Un site accueille nos chers souvenirs
WEB | «Notrehistoire.ch» invite les Romands à partager leurs trésors enfouis dans les greniers: vieilles photos, films Super 8 ou bandes sonores.
© DR | «Notrehistoire.ch». Image tirée d’albums photo privés, partagées par les créateurs du site.
LUCA SABBATINI | 29.10.2009 | 00:00
Ce jeudi à 18 h, la Suisse romande va retrouver sa mémoire… sur le Web. Grâce au lancement du site Notrehistoire.ch, plate-forme qui ambitionne de réunir les archives de la région.
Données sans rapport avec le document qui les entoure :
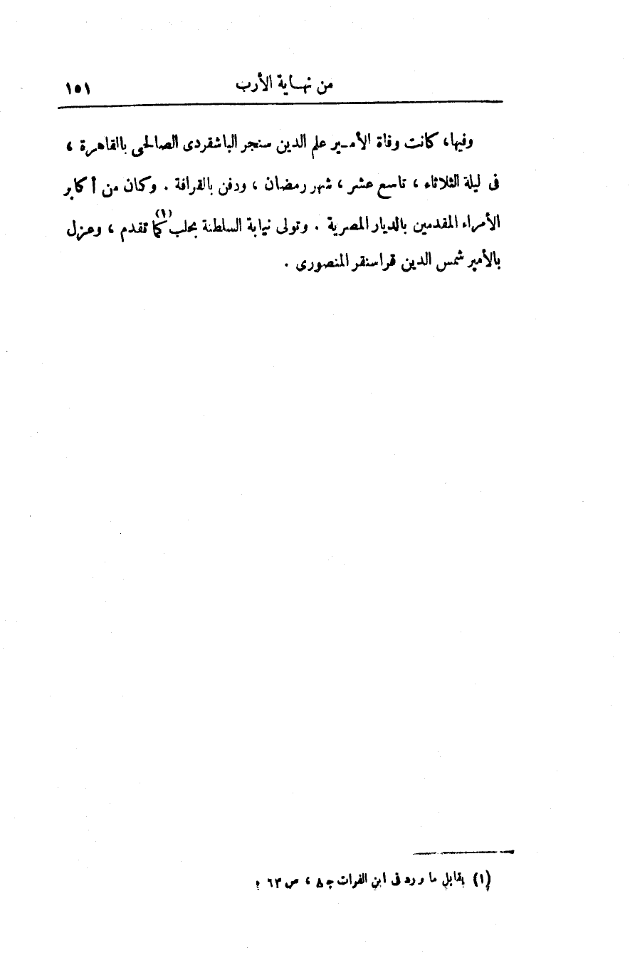 وفيها، كانت وفاة الأمير علم الدين سنجر الباشقردى الصالحى بالقاهرة، فى ليلة الثلاثاء، تاسع عشر، شهر رمضان، ودفن بالقرافة. وكان من أكابر الأمراء المقدمين بالديار المصرية. وتولى نيابة السلطنة بحلب «1» كما تقدم، وعزل بالأمير شمس الدين قراسنقر المنصورى.
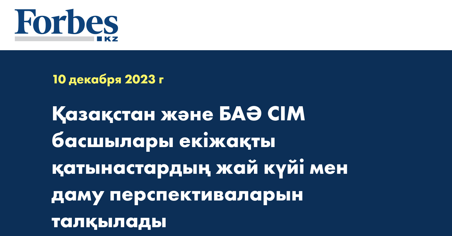 Қазақстан СІМ басшысы әмірлік әріптесіне ҚР Президентінің БАӘ Президенті шейх Мұхаммед бен Заид Әл Нахаянның атына 2024 жылы өтетін Астана халықаралық форумына шақыру хатын табыстап, оның бұл іс-шараға қатысуын елімізге ресми сапарымен ұштастыру мүмкіндігін атап өтті.
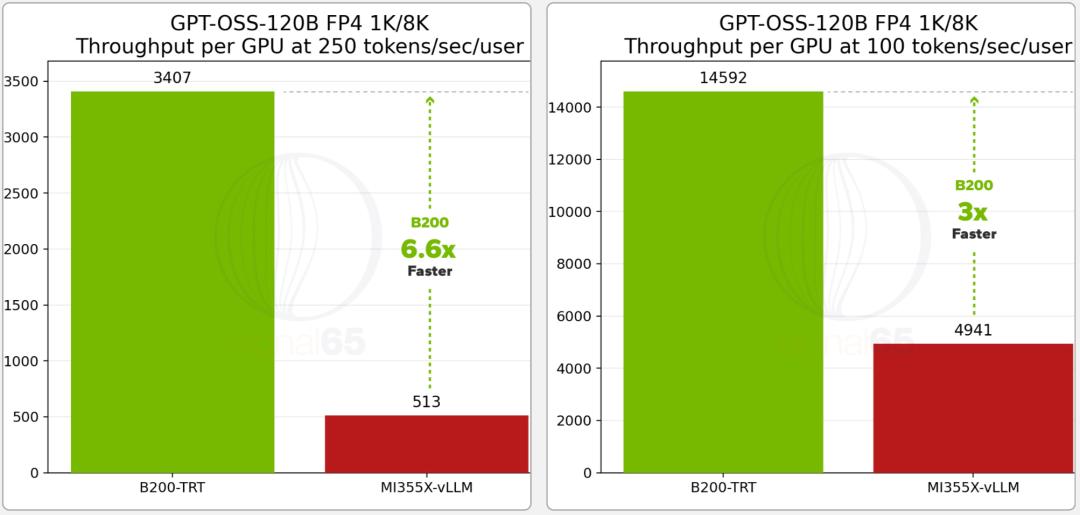 在10月下旬数据里,当目标是100 tokens/sec/user时,B200大约比MI355X快1.4倍;
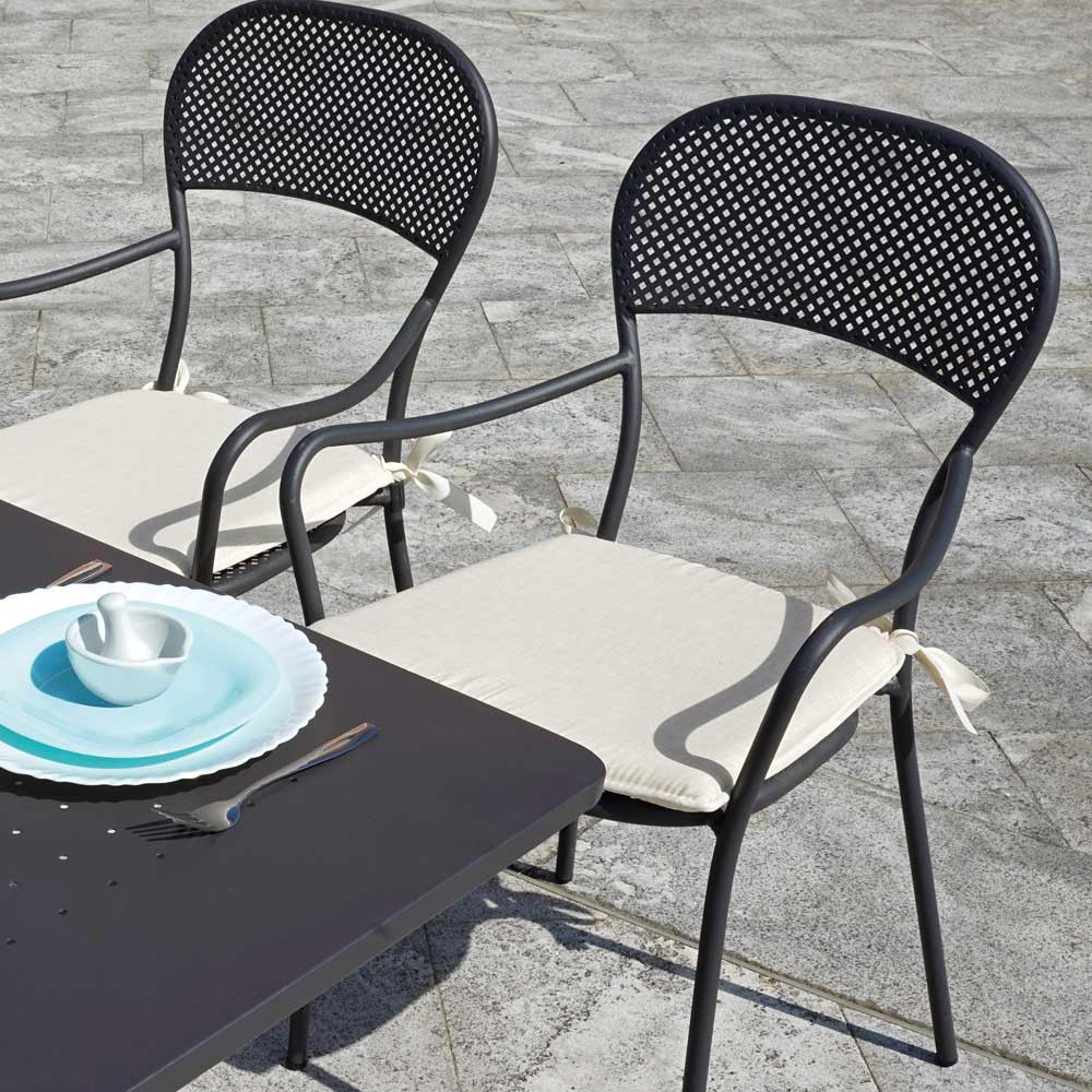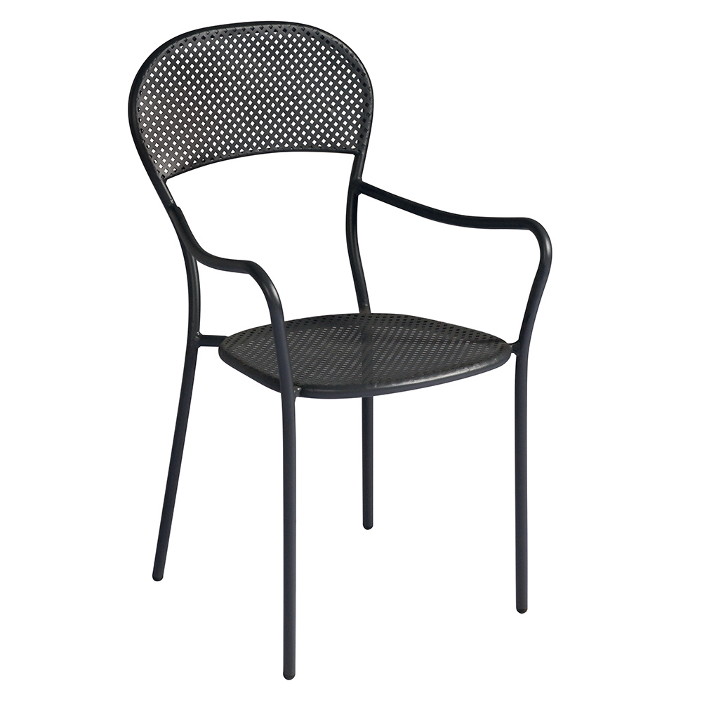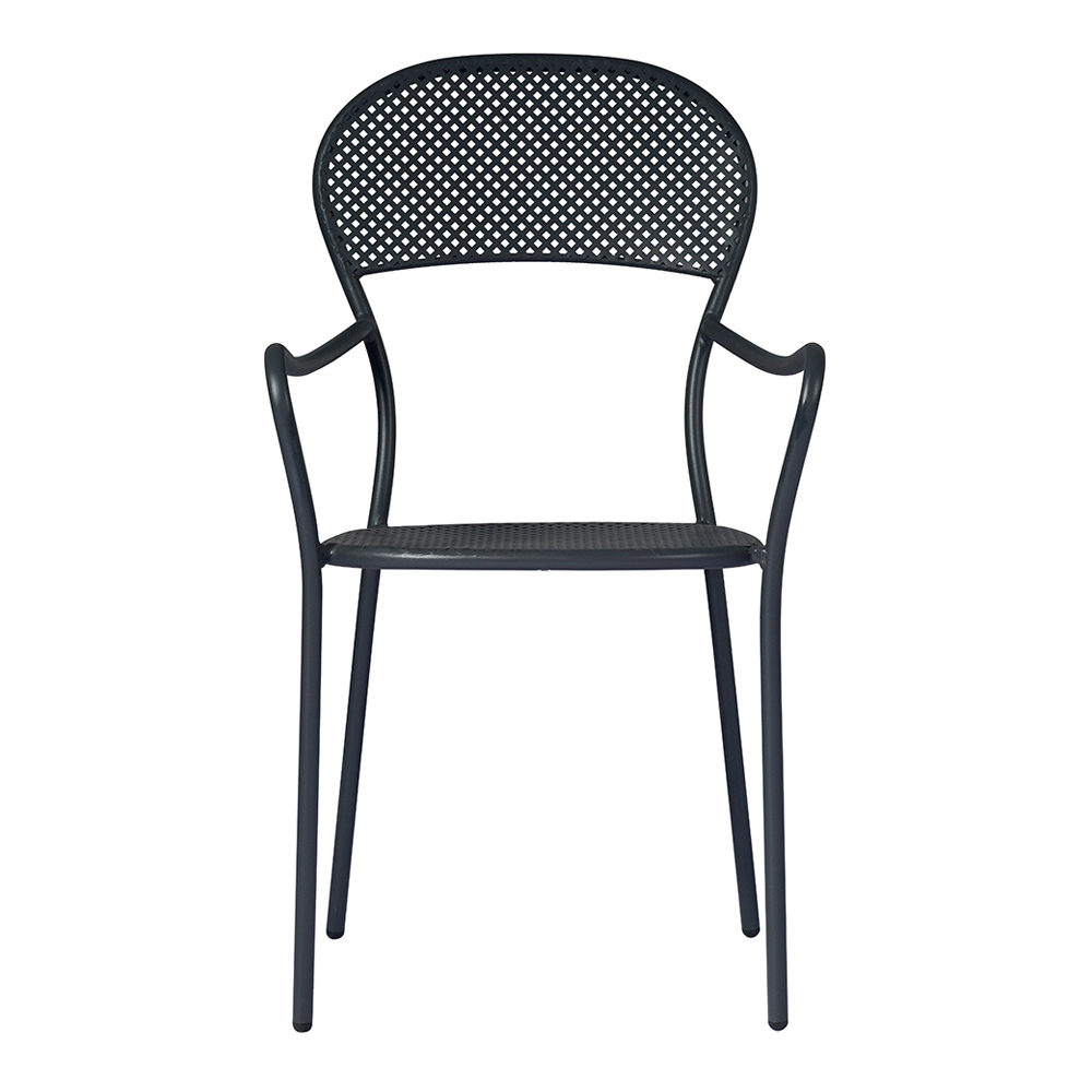 Udendørs stol lavet af jern med antracitgrå finish med stabelbar struktur komplet med praktiske armlæn . Dette moderne møbel har et umiskendeligt design med et behageligt og behageligt sæde . En indretningsidé, der er i stand til at give karakter og personlighed til ethvert udendørsmiljø, lige fra hjemlige omgivelser som haver og terrasser til kontraktrum som udendørs barer og restauranter.

Sa particularité? Etre ouverte aussi bien aux institutions patrimoniales qu’aux simples particuliers.
«Il s’agit d’une fresque en images et en sons retraçant l’histoire de la Suisse romande au XXe siècle», lance avec un enthousiasme communicatif le webéditeur Claude Zurcher, archiviste à la TSR et à ce titre responsable de Notrehistoire.ch.
Né à l’initiative de la Fonsat, la fondation chargée de la sauvegarde du patrimoine audiovisuel de la Télévision suisse romande, le projet est unique en son genre. «A ma connaissance, c’est la première fois que le principe participatif, si répandu actuellement dans le Web, s’applique aux archives», se félicite Claude Zurcher.
Un air de réseau social
Aux côtés des documents historiques fournis par des bibliothèques cantonales ou la TSR, Notrehistoire.ch recueillera donc photos, films ou enregistrements privés des internautes. Du coup, le site y gagne un petit air de réseau social. Et en quelque sorte, c’est bien de cela qu’il s’agit: un lieu «où tous ceux qui conservent une parcelle de la mémoire de notre région» peuvent se retrouver pour déposer leurs trésors visuels ou sonores et les enrichir par leurs connaissances.
Développée par le Genevois Raphaël Briner, fondateur d’Hyperweek, l’architecture modulable du site permet une navigation aussi fonctionnelle qu’intuitive. Chaque document a droit à sa propre page, où sont précisées, entre autres informations, ses origines et sa date. Des «tags» (mots-clés qui servent à l’indexation sur le Web) et un espace pour d’éventuels commentaires sont également prévus. «Il y aura parfois un véritable travail de détective à mener pour identifier un personnage ou un lieu», note Claude Zurcher.
Les cuves de Beauregard
Les documents peuvent être réunis au sein de larges catégories – événements, personnalités, vie quotidienne – ou en groupes thématiques plus finement définis. C’est là que l’intersection entre patrimoine institutionnel et ajouts individuels peut porter ses fruits. «Comme je suis d’origine fribourgeoise, j’ai créé un groupe sur la brasserie Beauregard qui fut à une époque la rivale de Cardinal», confie Claude Zurcher. «On y trouve des images de l’inauguration des nouvelles cuves tirées de mon album familial, mais aussi un film sur le même sujet extrait des archives de la TSR.»
Nulle obligation d’ailleurs de tout partager. Notrehistoire.ch se situant «au croisement entre le public et le privé», les utilisateurs peuvent conserver la «privacité» des documents qu’ils confient au site. «Les images ne seront alors visibles que par leur propriétaire et ceux à qui il aura accordé l’autorisation d’y accéder, précise le webéditeur. Nous nous tiendrons bien sûr à un respect scrupuleux des droits d’auteur.» Ces archives pas comme les autres seront également modérées, «pour éviter toute dérive».
Mi-base de données, mi-site de réseautage, Notrehistoire.ch fera les délices aussi bien des historiens et des sociologues que des internautes curieux du passé. A vos greniers!